● **Task to carry out**
Return only the lines of the data below from the line with "ファンタジー風あだ名 | 『マナフェル』『エターナルマナイゾー』 |" up to and including the line with "업무 하나하나가 중요하게", exactly as written, with the pictures omitted.
Information provided section start
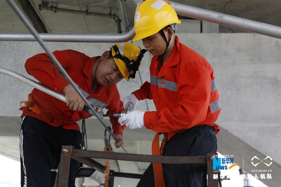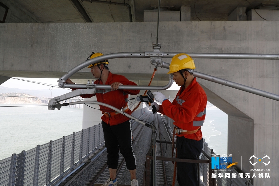 十幾名接觸網工在檢查大橋上的接觸網供電設備。新華網發(胡鵬 攝)
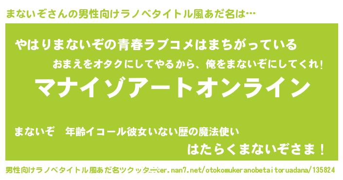 | ファンタジー風あだ名 | 『マナフェル』『エターナルマナイゾー』 |
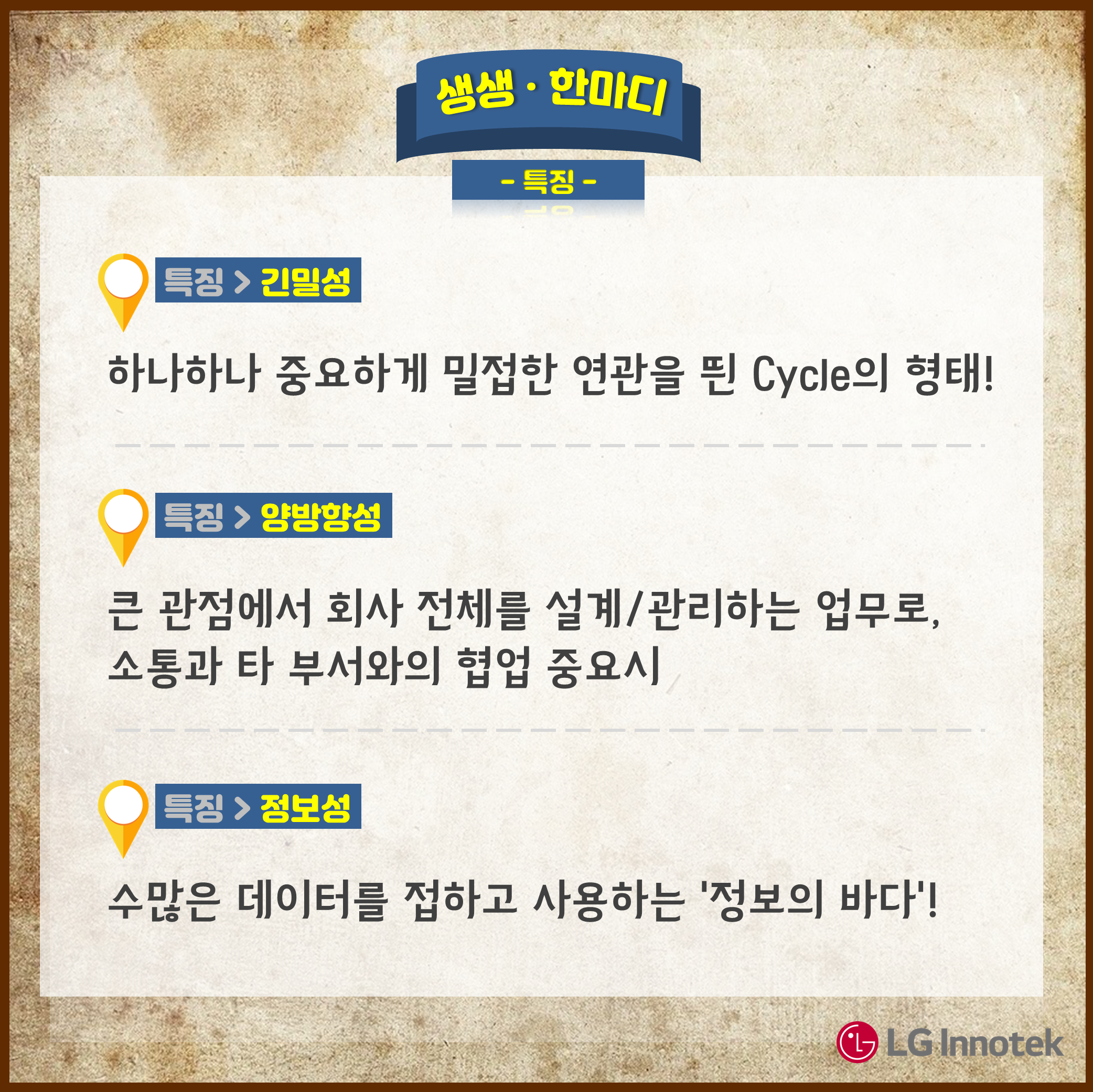 업무 하나하나가 중요하게 서로 밀접한 연관을 띈 사이클의 형태를 가지고 있다고 하네요~!
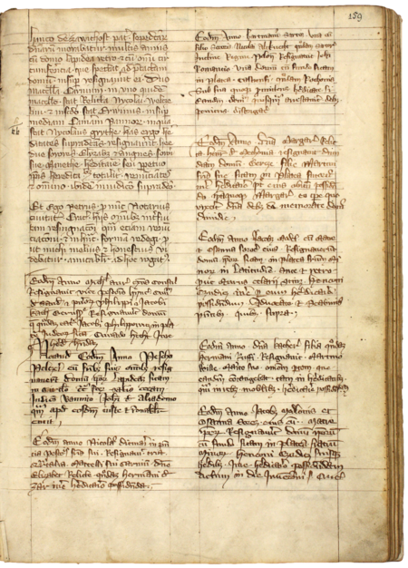 Z „Najstarszej księgi” strona 159 z wpisem z 1343 roku, stwierdzającym dokonanie przez Michała złotnika rezygnacji w imieniu Paszka Hincego i jego dzieci z domu położonego przy ul. Żydowskiej (obecnie św. Anny) – oraz powiększenie zapisu imienia i urzędu (Archiwum Państwowe w Krakowie, sygn. rkps 1, s. 159)
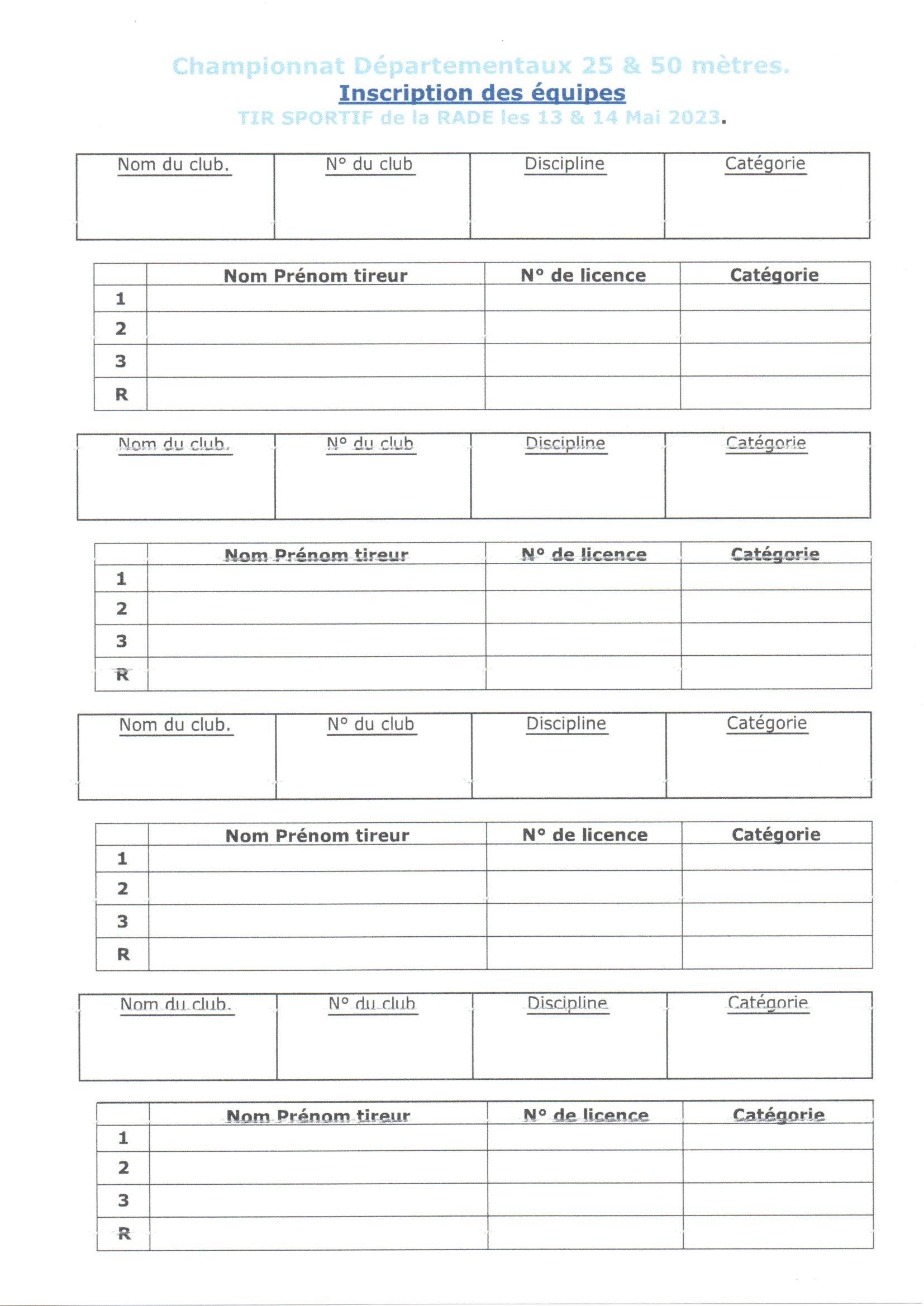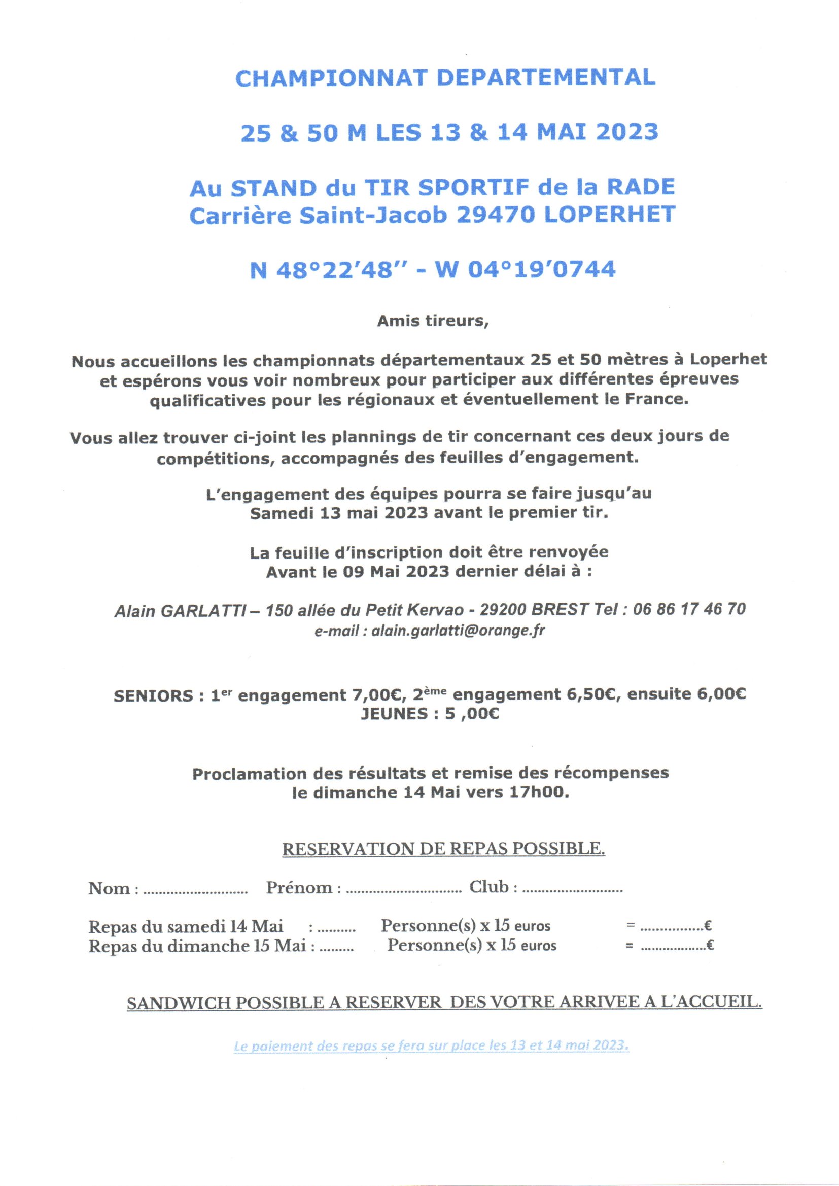 pour les tireurs qui s'incrivent aux departementaux 25-50 m.
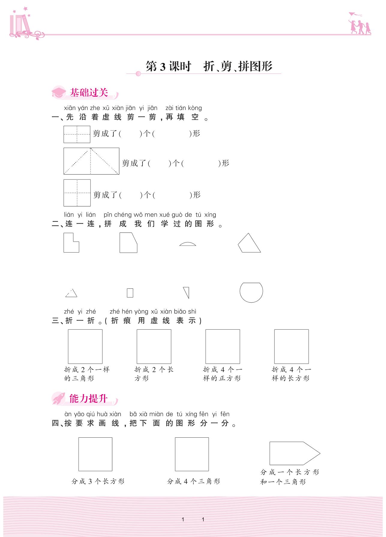 2021下册一年级数学冀教版 六 认识图形(二)——第3课时 折、剪、拼图形
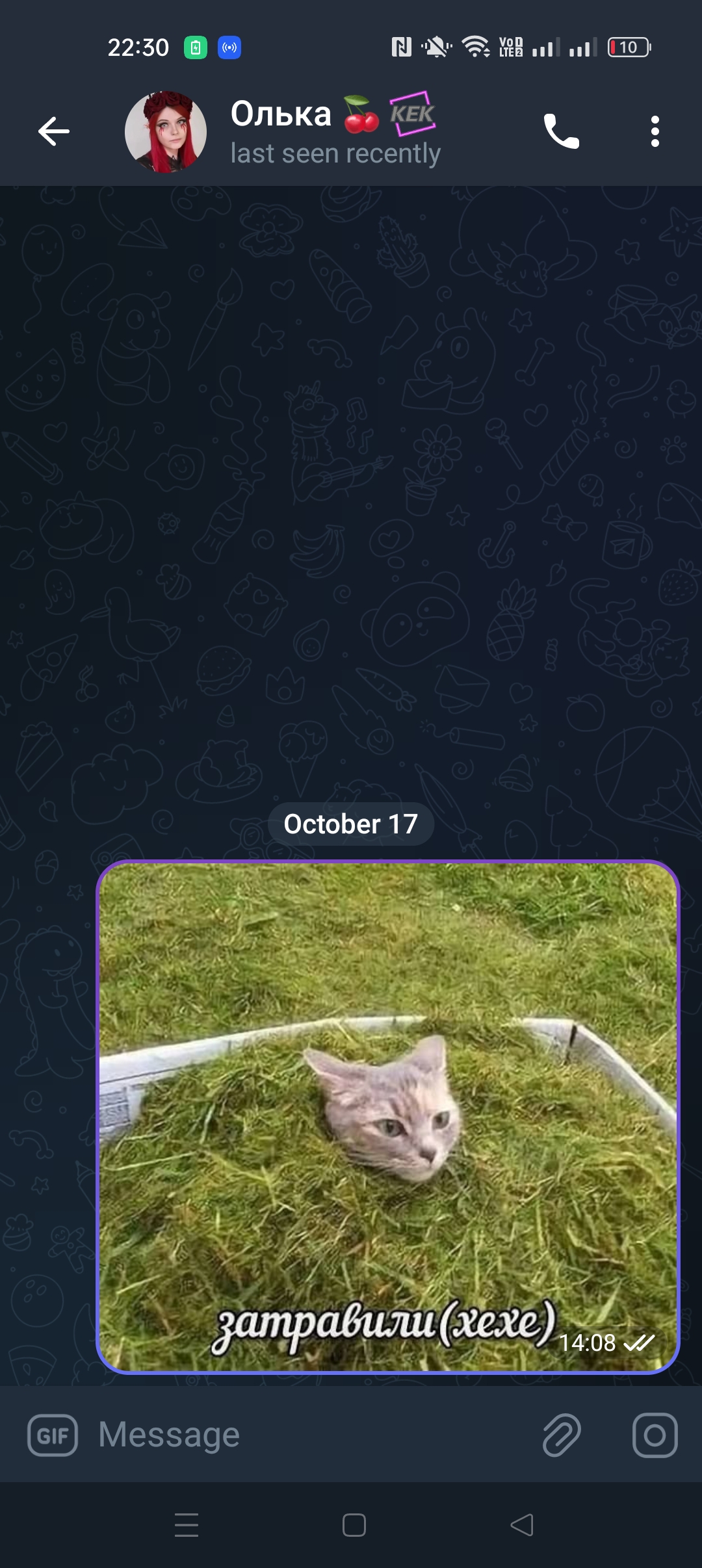 >>25408476 у нее жизнь ласт 3 дня состояла из поспать и пойти в тсик к мевсу, она уже мечтает с ним время провести, хотя так и получилось, постримила поспала и к мевсу)
Information provided section end
● **Answer below**
 | ファンタジー風あだ名 | 『マナフェル』『エターナルマナイゾー』 |
 업무 하나하나가 중요하게 서로 밀접한 연관을 띈 사이클의 형태를 가지고 있다고 하네요~!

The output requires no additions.